KLCI dragged down by poor corporate earnings, foreign outflows

Sentiment on the market is dragged down by the performance of selected counters like BAT, Nestlé, PetDag, Carlsberg and F&N


Lacklustre corporate earnings, foreign outflows and an overall lack of market catalysts have pushed the Malaysian’s stock exchange’s benchmark below the key 1,700 psychological level.

The FTSE Bursa Malaysia KLCI (FBM KLCI) extended losses for the fifth consecutive trading day, losing 6.77 points to close at 1,693.99 yesterday despite major regional markets rising on expectations of a trade deal between China and the US on the horizon.

The local benchmark was down 30.59 points or 1.8% since closing at 1,724.58 points on Monday last week.

Sentiment on the market was dragged down by the performance of selected counters like British American Tobacco (M) Bhd (BAT), Nestlé (M) Bhd, Petronas Dagangan Bhd (PetDag), Carlsberg Brewery Malaysia Bhd and Fraser & Neave Holdings Bhd (F&N).
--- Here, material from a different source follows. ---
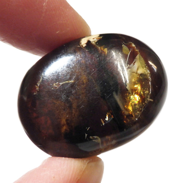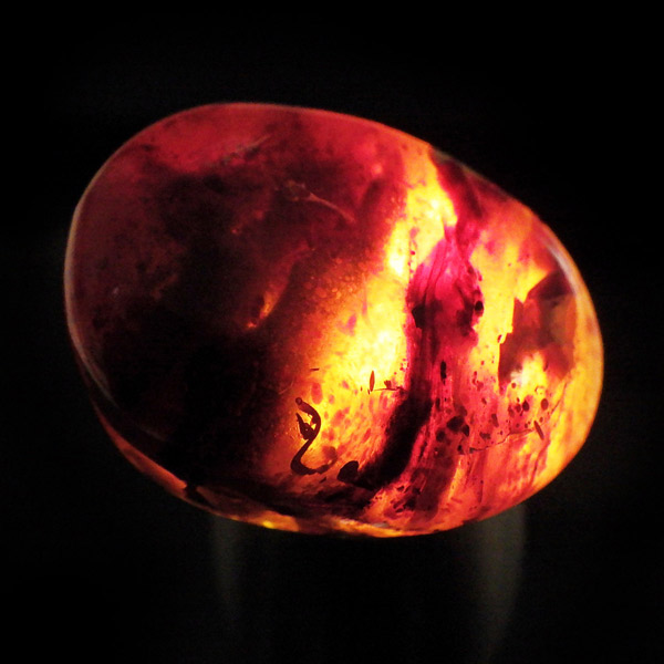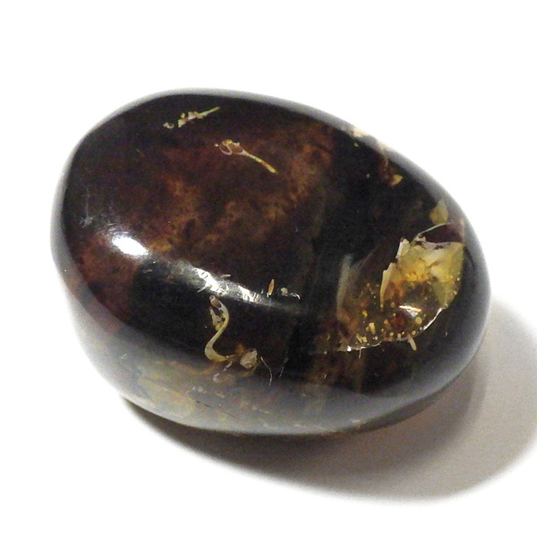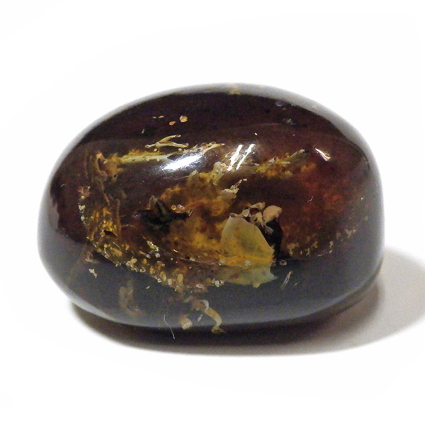 インドネシア産のアンバー(琥珀)、タンブルです。 松柏類の樹脂が3000万年以上の時を経て化石化したものです。 アンバーという名前は、古代アラビア語の「アンバール(海に漂うもの)」が由来です。インドネシアのスマトラで採取されるアンバーは石炭層の中から採れるのが特徴で、落ち着いた色合いのものが多いです。ブランデーのような深い色合いのアンバー内に斑点に似た濃い色の部分が見られます。スマトラアンバーは白熱光の下では赤みがかった色合いを示し、ブラックライトなどを使い、紫外線の下では青い蛍光を示す光学的特徴も持っています。色が綺麗なことはもちろん光を通しても綺麗で美しいです。

Rakuten Trade Sdn Bhd head of research Kenny Yee Shen Phin said the decline was largely earnings- driven after an underwhelming financial year close to 2018 for many listed companies.

“The fourth-quarter (4Q) corporate results were less than inspiring and many analysts have toned down their earnings growth expectations as a result,” he told The Malaysian Reserve (TMR).

“At the moment, our year-end target is for the FBM KLCI to reach 1,760 and this will largely be earnings- driven.”

He said the consensus among research firms is for lower earnings growth in 2019 and any upside surprises in terms of corporate earnings will be a welcome relief for the market.

According to MIDF Amanah Investment Bank Bhd, the aggregate reported earnings of the FBM KLCI 30 constituents totalled RM11.58 billion in the 4Q of 2018 (4Q18) — down 22.4% year-on-year (YoY).

The bank made 40 downward and 37 upward target price adjustments and 20 changes to stock recommendations — 15 downgrades and six upgrades.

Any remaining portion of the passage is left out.